We deliver stand-alone workshops and regular residencies at schools, colleges, drama schools and universities in London, across the UK and internationally. 

We are passionate about creating and delivering exciting and engaging participatory experiences for students and young people, which are designed to enhance curriculum-based learning, as well as fostering a sense of openness, curiosity and play. 

We work with children and young people aged 5 to 25 and we regularly collaborate with educational institutions to design workshops that are creative, practical and that make a meaningful contribution to students' learning.  

We often deliver educational workshops with the following themes:

Devising in the style of the practitioner / the Idiot approach to making theatre

Storytelling (find out more about our project Does Cinderella Have to Have Blonde Hair)

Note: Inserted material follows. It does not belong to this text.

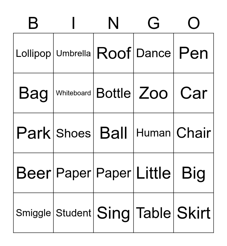 This bingo card has a free space and 24 words: Paper, Student, Bottle, Smiggle, Pen, Lollipop, Bag, Umbrella, Human, Paper, Zoo, Park, Little, Big, Whiteboard, Table, Chair, Roof, Car, Shoes, Skirt, Beer, Dance and Sing.

Devising through digital (find out more about our project Connected)


Physical comedy 

Creating theatre without a script

Adapting work

Commedia dell'arte

Mask work

We also deliver CPD workshops for teachers and other practitioners working with young people. We are a proud Arts Award supporter and can offer workshops and other ways to engage with us, which help students to achieve their Arts Award at Bronze & Silver level.

To book a workshop, discuss a project idea, or just find out more, please email Participation Manager Natasha Bergg or call us on 020 7407 4123.


Recent Feedback 

“This participation work should be rolled out as an example of excellence...exhilarating and empowering”

"The games really broke down barriers and allowed us to move forward creatively and expressively for the rest of the sessions. The atmosphere throughout the sessions was fantastic. Students were encouraged to offer ideas and there were no wrong answers so students were freed up to express themselves creatively without the fear of failure."

“The students were all fully engaged – putting forward suggestions and experimenting with scenarios and improvising in groups. Talking to both the teachers afterwards they felt the students had gained a lot from this workshop in giving permission to ‘play’ rather than simply ‘rehearse’.”

“So many ideas that I can take back to my classroom!”

“There was constant laughter throughout and an increasing focus amongst my pupils as they realised how relevant the teachings of 'Told by an Idiot' are.  I think the pupils were sad when the workshop ended.”